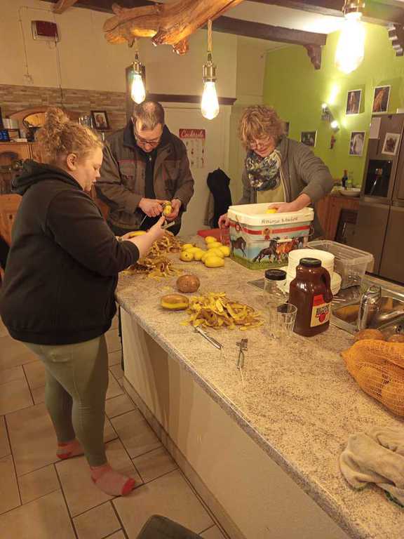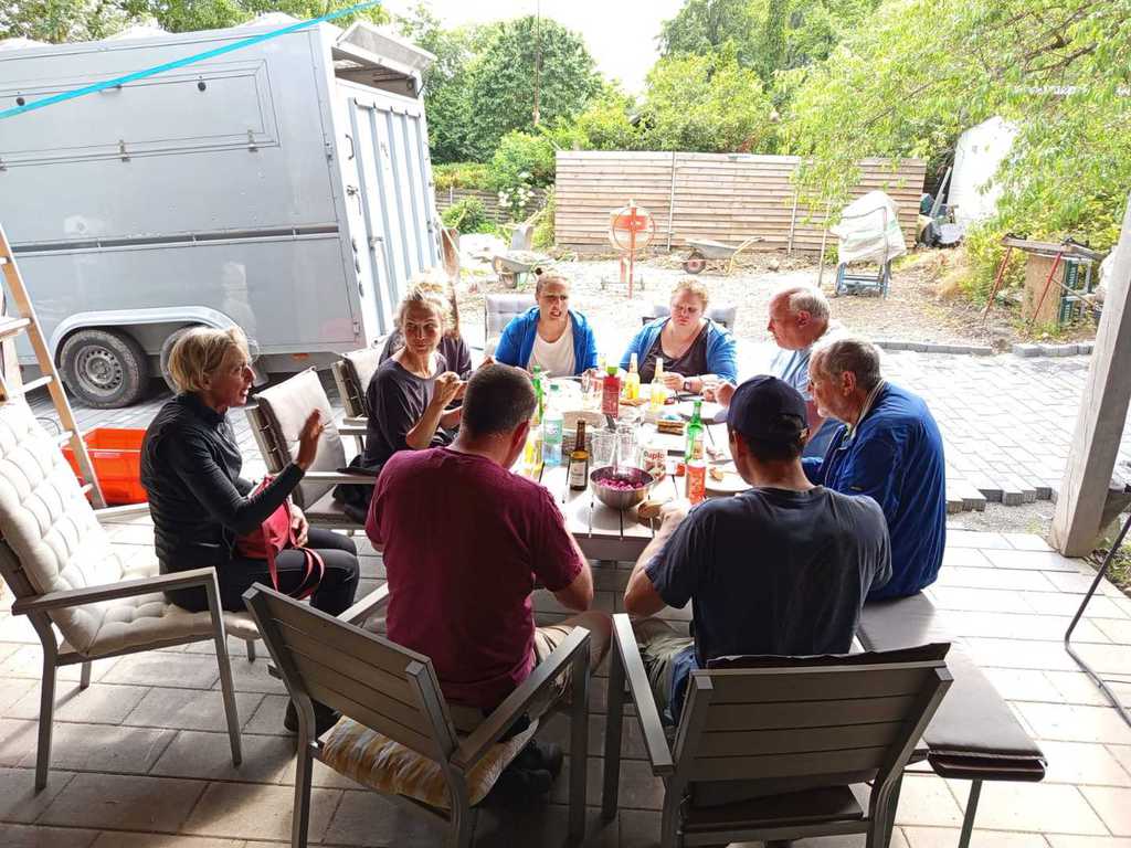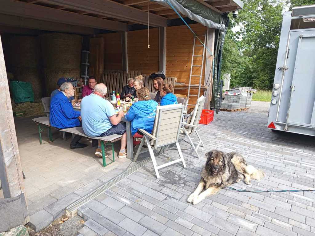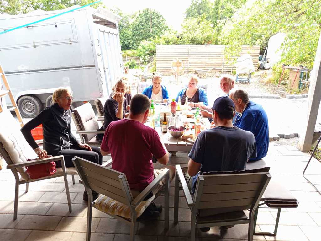 Nun kam die Stunde der Wahrheit für alle mit Hufen. Erstaunlich war, dass alle Pferde, die bereits schon in der Vergangenheit gewogen wurden, deutlich abgespeckt hatten. So waren alle mit dem aktuellen Gewicht der Pferde überwiegend zufrieden. Bei uns sah das natürlich dann ganz anders aus. Ein reichhaltiges Buffet aus mitgebrachten Salaten, Dips etc. zu dem ein oder anderem Gegrilltem lud zum ausgiebigen Stärken und Klönen ein. Vielen Dank an Sarah und Team.
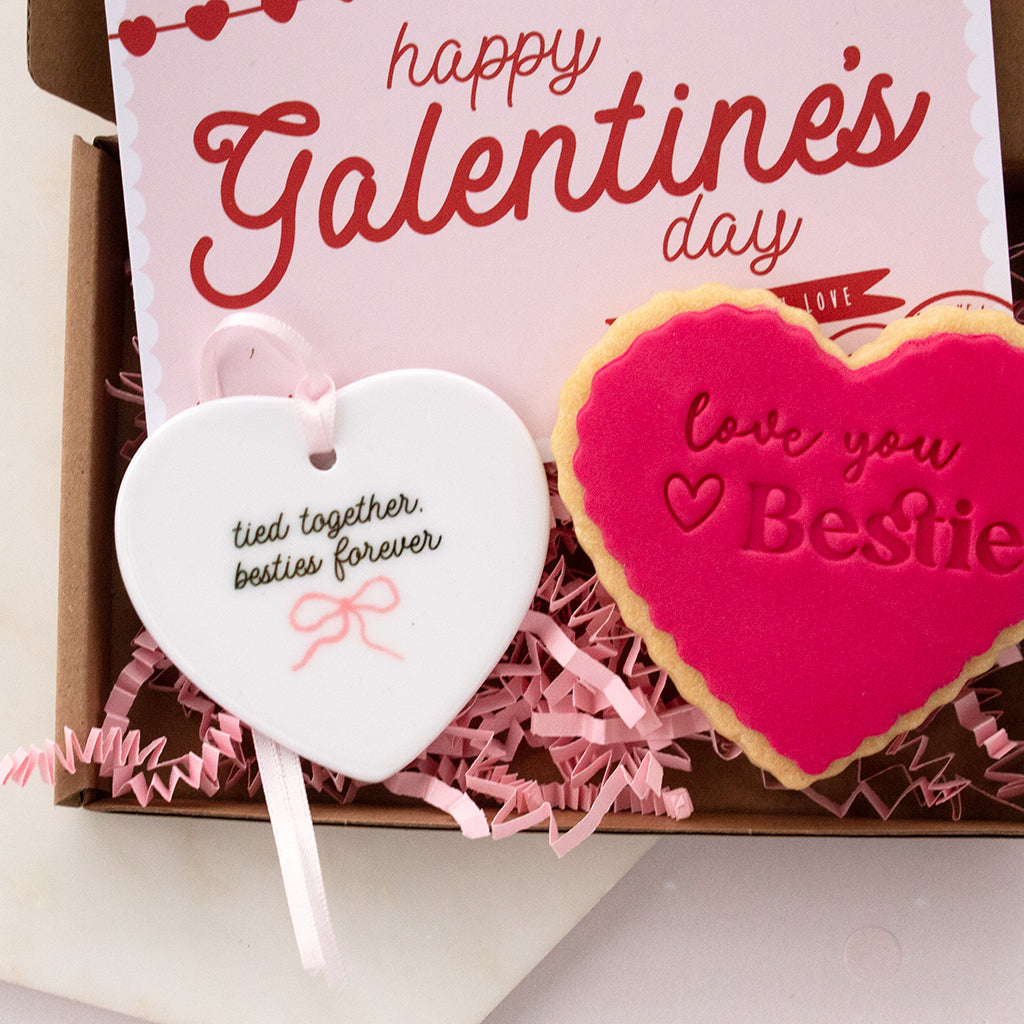 A personalised love note is a super cute way to let your person know you’re thinking of them. So send some love, complete with a picture of you and your bestie together. A great addition to any fridge or pinboard! Our Personalised Mini Galentine’s TreatBox is just what you need to make this happen.
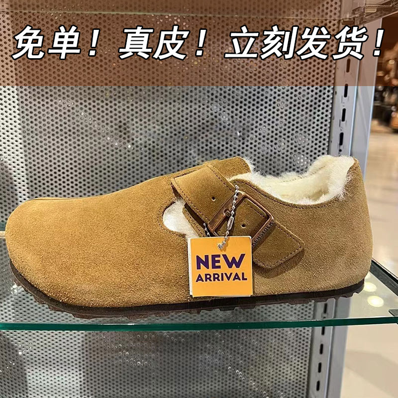真皮全包厚底勃肯鞋加绒博肯鞋豆豆鞋女冬内增高一脚蹬棉鞋毛毛鞋
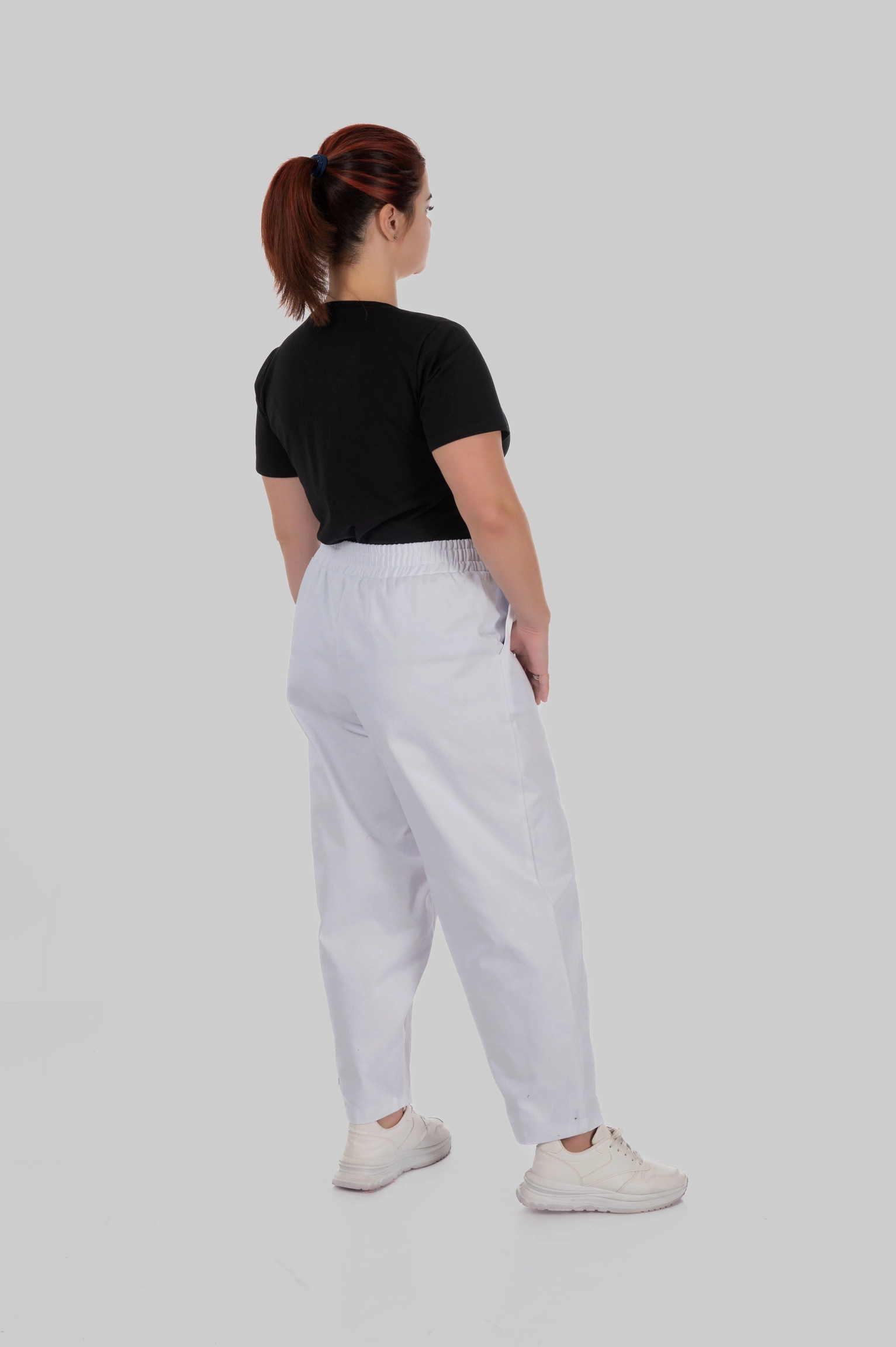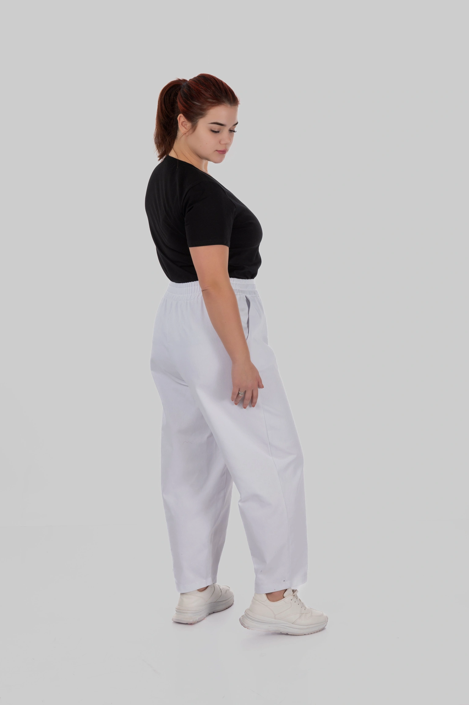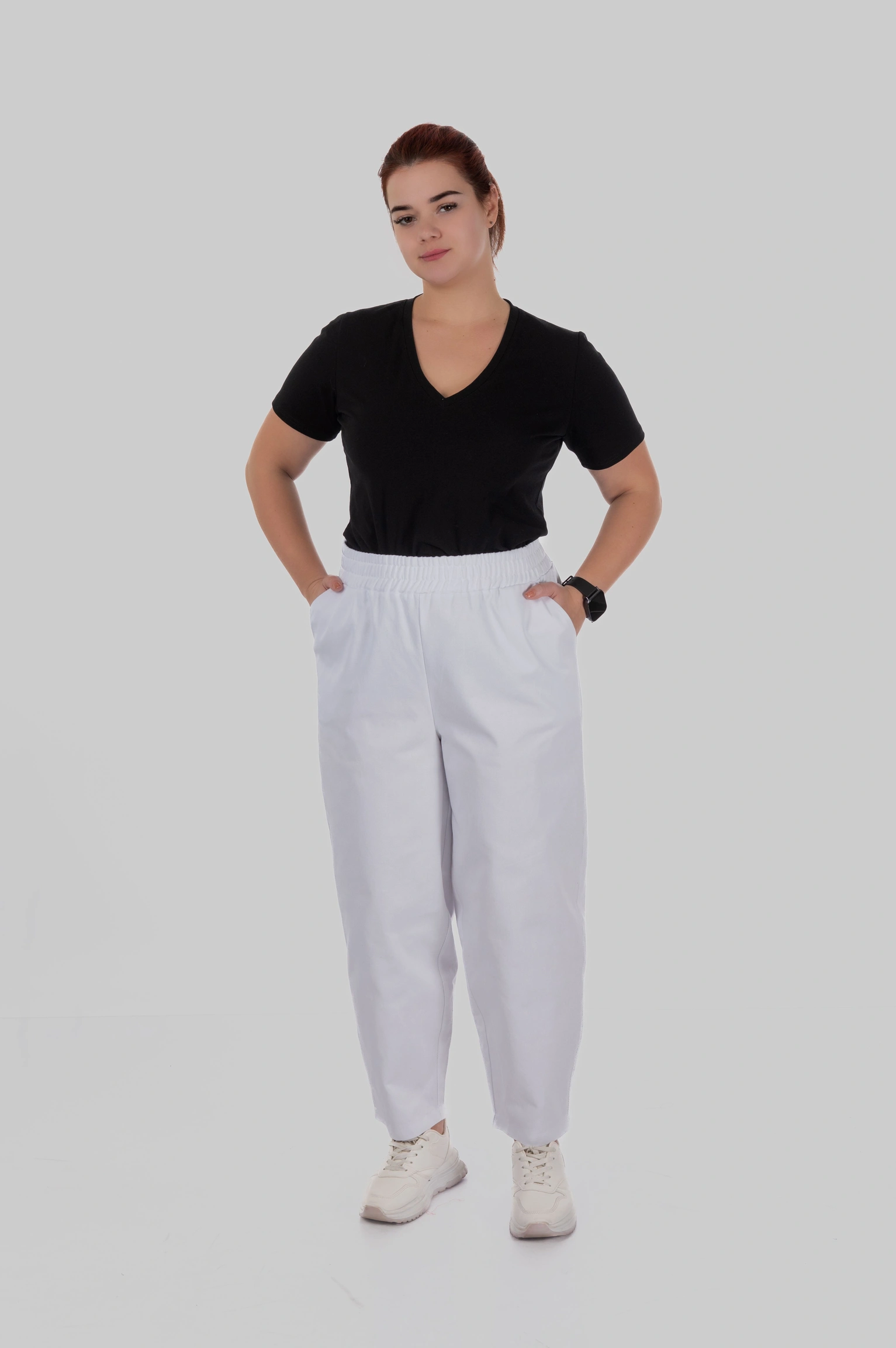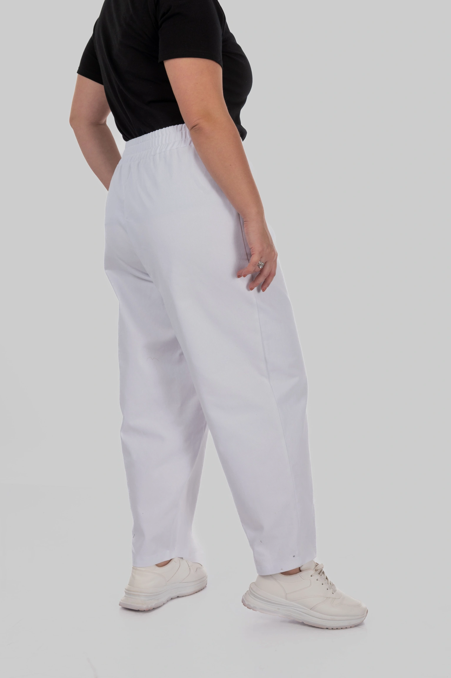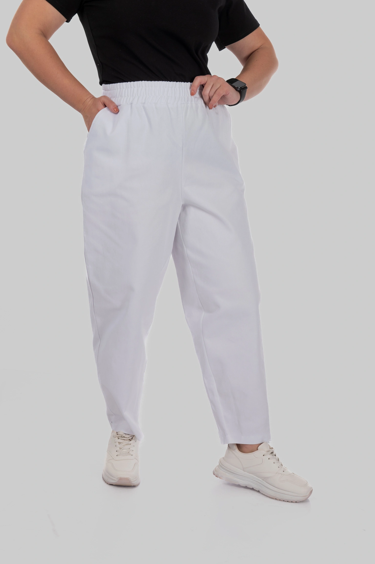Штани мають комфортну посадку і пояс на м’якій еластичній резинці, завдяки чому модель добре адаптується до різних пропорцій фігури. Силует м’яко лягає по стегнах і злегка звужується донизу, формуючи сучасний баланс між комфортом і акуратною формою.
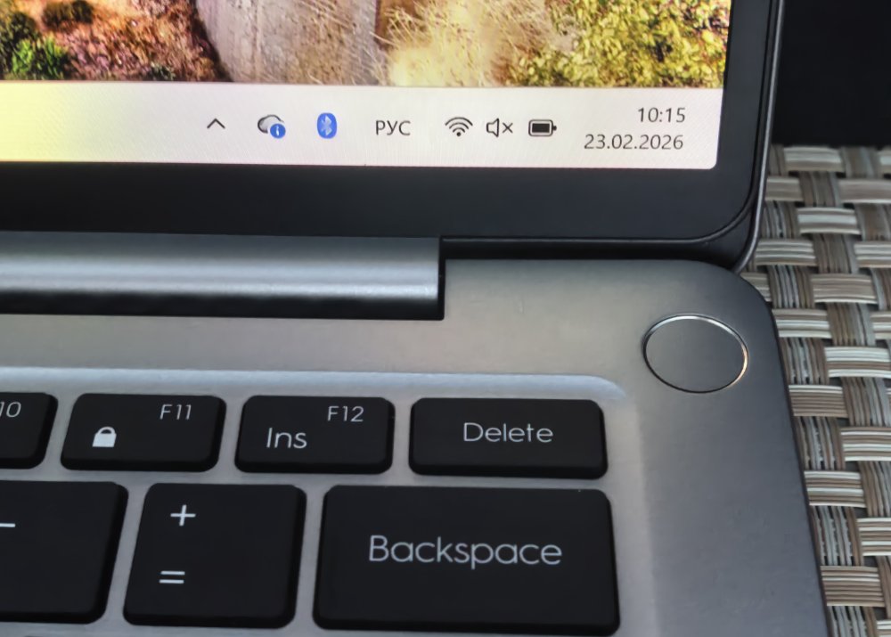 Клавиатура полноразмерная, без цифрового блока, с четырьмя уровнями белой подсветки (подсветка равномерная). Ход клавиш средний, звук тихий, момент срабатывания четкий. Кнопка питания вынесена за пределы основного клавишного блока и совмещена со сканером отпечатков пальцев - срабатывает быстро и надежно. Тачпад небольшой, с достаточно скользким покрытием, но физический клик возможен только в нижних углах панели. Нижняя грань корпуса оснащена широкой вентиляционной решеткой и резиновыми ножками, которые приподнимают устройство над столом для улучшения воздухообмена.
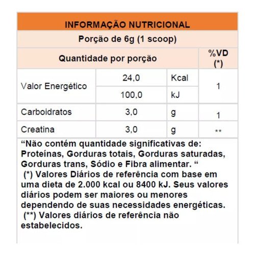 Creatina monohidratada, Maltodextrina, edulcorante sucralose e antiumectante dióxido de silício.
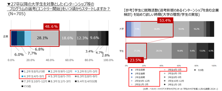 以上のことから、インターンシップ等のプログラムの選考時期が「3年生4-5月」であるとの認識は、企業と大学でほぼ一致しているものと捉えられる。
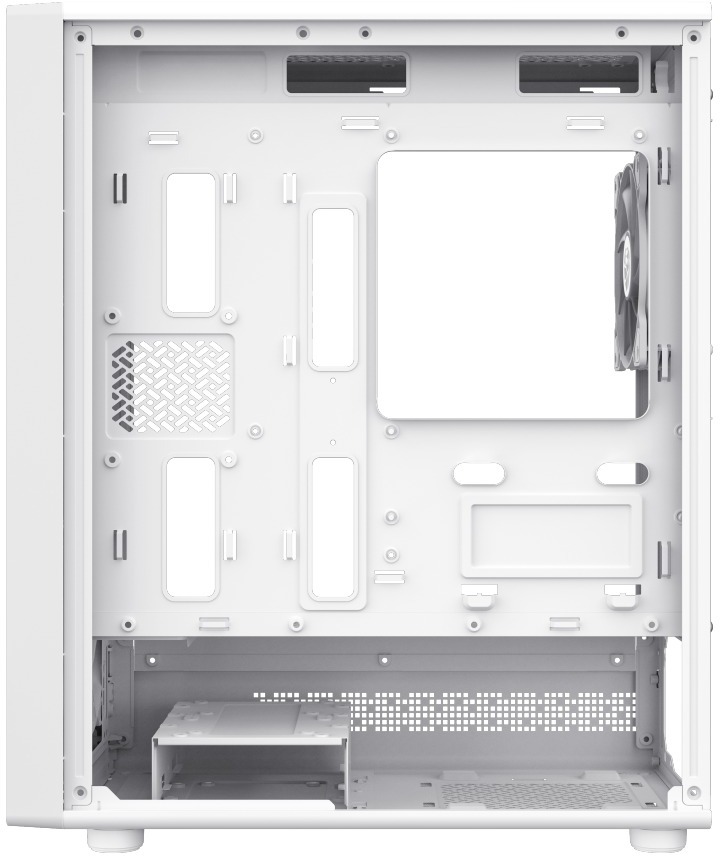 Одна з головних переваг Storm 2 MW — потужна система охолодження. Корпус підтримує встановлення до шести вентиляторів: три 120 мм спереду, два 120/140 мм зверху та один 120 мм ззаду. Для тих, хто обирає рідинне охолодження, передбачена підтримка радіаторів до 360 мм спереду та 240 мм зверху — це дозволяє зібрати серйозну систему СРО навіть у компактному корпусі. Відеокарти довжиною до 330 мм, процесорні кулери висотою до 155 мм і блоки живлення до 160 мм — усе це вміщується без проблем, тож Storm 2 MW сумісний із більшістю сучасних комплектуючих.
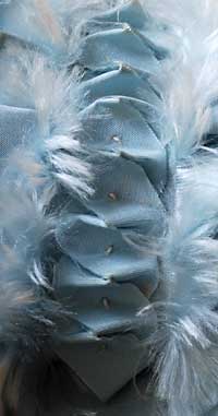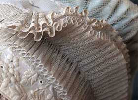Il s'agit de reformer les petits plis cousus et marqués sur la toile des coiffes, technique difficile qui s'effectue en général sans amidon. La difficulté s'accroît encore sur de la mousseline ou sur du tulle car les empreintes ont souvent entièrement disparu. Il est ici nécessaire de faire un amidon léger. |
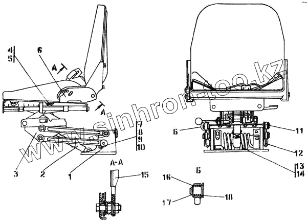 Каталог запасных частей к технике: Промтрактор Т-50.01. Сиденье

=== To do ===
In the records above, everything from the line with "Creatina monohidratada, Maltodextrina, edulcorante" down to the line with "Одна з головних" is to be set down exactly, both ends included, with no pictures and no other lines.

=== Output ===
 Creatina monohidratada, Maltodextrina, edulcorante sucralose e antiumectante dióxido de silício.
 以上のことから、インターンシップ等のプログラムの選考時期が「3年生4-5月」であるとの認識は、企業と大学でほぼ一致しているものと捉えられる。
 Одна з головних переваг Storm 2 MW — потужна система охолодження. Корпус підтримує встановлення до шести вентиляторів: три 120 мм спереду, два 120/140 мм зверху та один 120 мм ззаду. Для тих, хто обирає рідинне охолодження, передбачена підтримка радіаторів до 360 мм спереду та 240 мм зверху — це дозволяє зібрати серйозну систему СРО навіть у компактному корпусі. Відеокарти довжиною до 330 мм, процесорні кулери висотою до 155 мм і блоки живлення до 160 мм — усе це вміщується без проблем, тож Storm 2 MW сумісний із більшістю сучасних комплектуючих.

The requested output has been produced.